Arthropathy: One study of 54 patients with arthropathy found no long-term sequelae.¹²
Transient Aplastic Crisis: This is usually transient, lasting no more than 2 weeks in otherwise healthy individuals, and rapidly responds to treatment if required.
Immunocompromised Patients: The treatment of pure red cell aplasia with immunoglobulin is frequently ameliorative and often curative.

Parvovirus in pregnancy¹³

Epidemiology, transmission and risks

Identification of parvovirus infection in a pregnant woman is important, as parvovirus infection in the first half of pregnancy may cause fetal hydrops, but the outcome can be improved by intrauterine transfusion.
Parvovirus affects about 1 in 400 pregnancies.
The gestational period of risk is between 4 and 20 weeks' gestation: under 4 weeks, there is no intrauterine transmission, and over 20 weeks there is no risk of hydrops.
The risk of adverse outcomes with infection in the first half of pregnancy is: fetal loss 15% versus 5% in controls; fetal hydrops 3%. Mortality from untreated fetal hydrops is 50%, reduced to 18% by transfusion.¹
Rarely, neonatal infection and anaemia can occur. Parvovirus is not known to cause congenital abnormalities.

Investigation and management in pregnancy¹³

General principles

All pregnant women who have a nonvesicular rash, or contact with someone suffering from a nonvesicular rash, should be investigated for parvovirus and rubella infection - irrespective of past history, previous serology or gestation (because these could be erroneous).
- Contact is defined as being in the same room for >15 minutes or face-to-face contact; though for parvovirus, this is probably over-cautious, the main risk of infection being from household contacts or prolonged occupational contact.
- Even if the woman is >20 weeks gestation, and therefore not at risk of fetal hydrops, investigation is advised, in case estimated gestation is wrong, or to help inform decisions about risk to contacts.
The IgM result confirms or excludes infection in the 4 weeks prior to the sample. This also means that parvovirus infection cannot be excluded if investigation starts > 4 weeks after onset of the rash.

When/what to test:

Test for parvovirus B19 (and rubella) IgM and IgG as soon as possible after contact with, or symptoms of, a rash illness. Include details of dates of illness/contact, details of rash, gestation etc.
- Positive IgG with negative IgM will confirm immunity and the patient can be reassured.
If IgM is detected, a further sample should be taken immediately. Confirmation by alternative assay is also required (discuss with microbiologist).
If neither IgG or IgM are detected, a further sample should be tested one month later.
- If both are negative, the woman can be reassured that she has no evidence of parvovirus infection, but is susceptible.
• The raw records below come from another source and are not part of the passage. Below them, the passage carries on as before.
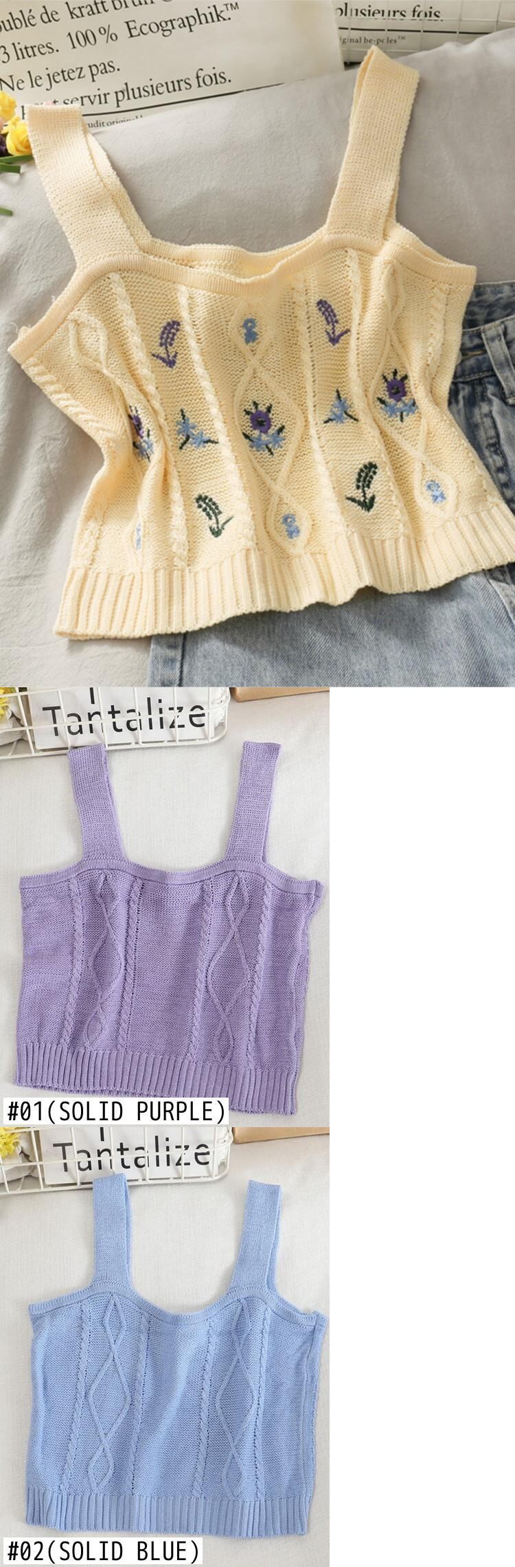 女性の花刺繍ニットクロップトップス女性チューブトップスリブかわいいトップスクロップトップス女性 2021 夏 大人ガーリー スウィート キュート カジュアル サマー 夏物 フラワーデザイン bel94161454915 | aliel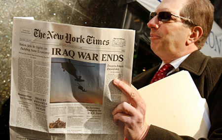 紐約一名讀者正在閱讀一份假的《紐約時(shí)報(bào)》,報(bào)紙的頭版頭條竟然是伊拉克戰(zhàn)爭(zhēng)結(jié)束。盡管報(bào)頭、字體、字型都達(dá)到了以假亂真的程度,但它仍然是“贗品”,這份由專門戲弄名人和名組織機(jī)構(gòu)的“應(yīng)聲蟲”組織偽造的《紐約時(shí)報(bào)》上標(biāo)明的發(fā)行日期是2009年7月4日,據(jù)稱,他們是希望通過此舉達(dá)到鞭策新當(dāng)選總統(tǒng)奧巴馬恪守承諾的目的。
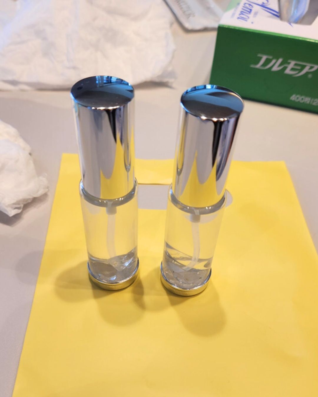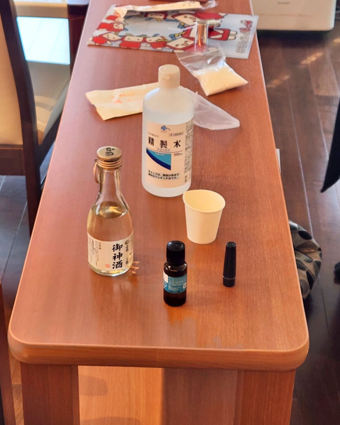 「日本酒(清酒)」と「精製水」、そして「細石水晶」、「アロマオイル」の4つの材料で作ります。
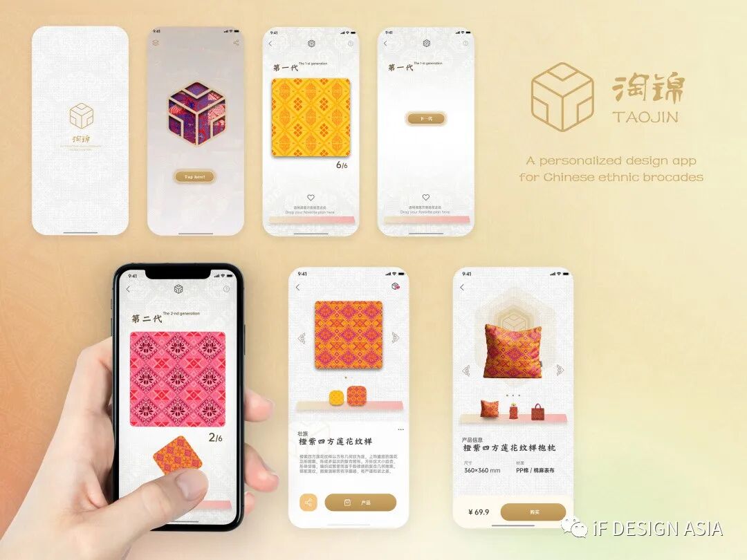 TaoJin 是一款个性化的中国民族织锦设计应用程序。它融合了交互式遗传算法,允许用户快速获取民族图案,并根据其个性化图案购买手工艺品。该设计可以激发人们更加关注传统文化。TaoJin 把消费者、设计师和手工艺人联系起来。它以友好、有趣的方式促进传统手工艺的发展。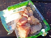 Шашлык ТМ Индилайт уже готовый, с цедрой лимона. Кусочки крупные, белое мясо грудки. |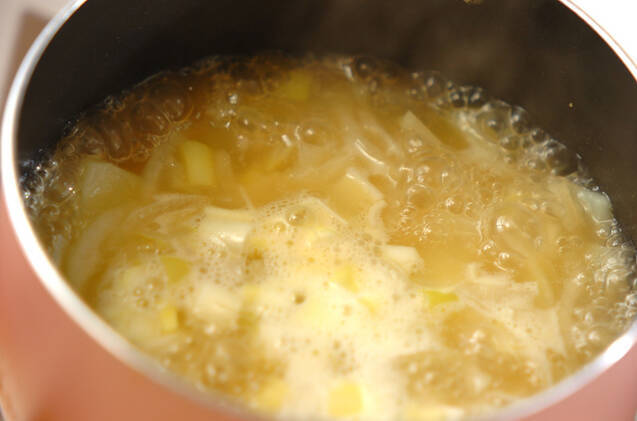 鍋にバターを熱し、ジャガイモ、玉ネギ、白ネギを加えて炒め合わせる。固形スープの素、水を加え、煮たったら火を弱めて7~8分煮る。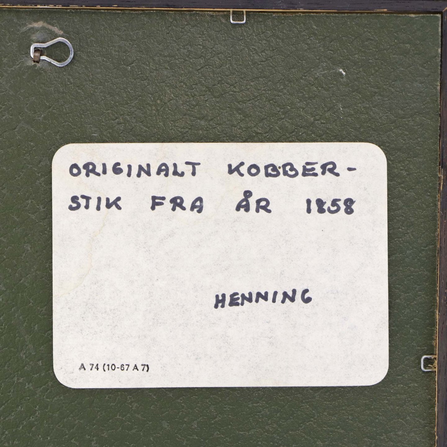 Originalt kobberstik fra år 1858 i træramme med teksten Dragon og motiv af en soldat i blå uniform.

Management of confirmed parvovirus infection in pregnancy

Ultrasound scanning of the fetus is started 4 weeks post onset of illness or date of seroconversion, and then at 1-2 weekly intervals until 30 weeks gestation.
If ultrasound suggests fetal hydrops, refer to a regional unit for consideration of fetal blood sampling and intrauterine transfusion.

Prevention¹

There is insufficient evidence to recommend universal screening; but screening of blood components prior to transfusion in children with malignancies, bone marrow donors prior to transplantation, and HIV patients at the time of diagnosis have all been mooted. A vaccine is currently undergoing trials.

Unselected screening of pregnant women for past infection with parvovirus B19 is not recommended, as no vaccine or prophylaxis are available. This advice will need reconsideration if a licensed vaccine becomes available.¹³

Document references

Heegaard ED, Brown KE; Human parvovirus B19. Clin Microbiol Rev. 2002 Jul;15(3):485-505. [abstract]
Health Protection Agency; Parvovirus - general information.; Accessed November 2007
Servey JT, Reamy BV, Hodge J; Clinical presentations of parvovirus B19 infection. Am Fam Physician. 2007 Feb 1;75(3):373-6. [abstract]
Fifth Disease (Erythema Infectiosum) Fact Sheet
Zellman GL; Erythema Infectiosum (Fifth Disease); eMedicine; 2007
Fifth Disease Rash - Facial; Rainbowpaediatrics.com 2007; Picture of rash
McKoy K; Erythema Infectiosum Emery Healthcare 2006
Katta R; Parvovirus B19: a review. Dermatol Clin. 2002 Apr;20(2):333-42. [abstract]
Cohen B; Parvovirus B19: an expanding spectrum of disease. BMJ. 1995 Dec 9;311(7019):1549-52.
Posnett DN, Yarilin D; Amplification of autoimmune disease by infection. Arthritis Res Ther. 2005;7(2):74-84. Epub 2005 Feb 10. [abstract]
Furness C, Sharma R, Harnden A; Morbilliform rash. BMJ. 2004 Sep 25;329(7468):719.
Speyer I, Breedveld FC, Dijkmans BA; Human parvovirus B19 infection is not followed by inflammatory joint disease during long term follow-up. A retrospective study of 54 patients. Clin Exp Rheumatol. 1998 Sep-Oct;16(5):576-8. [abstract]
Guidelines on the management of and exposure to rash illness in pregnancy, Health Protection Agency (2003); (including consideration of relevant antibody screening programmes in pregnancy)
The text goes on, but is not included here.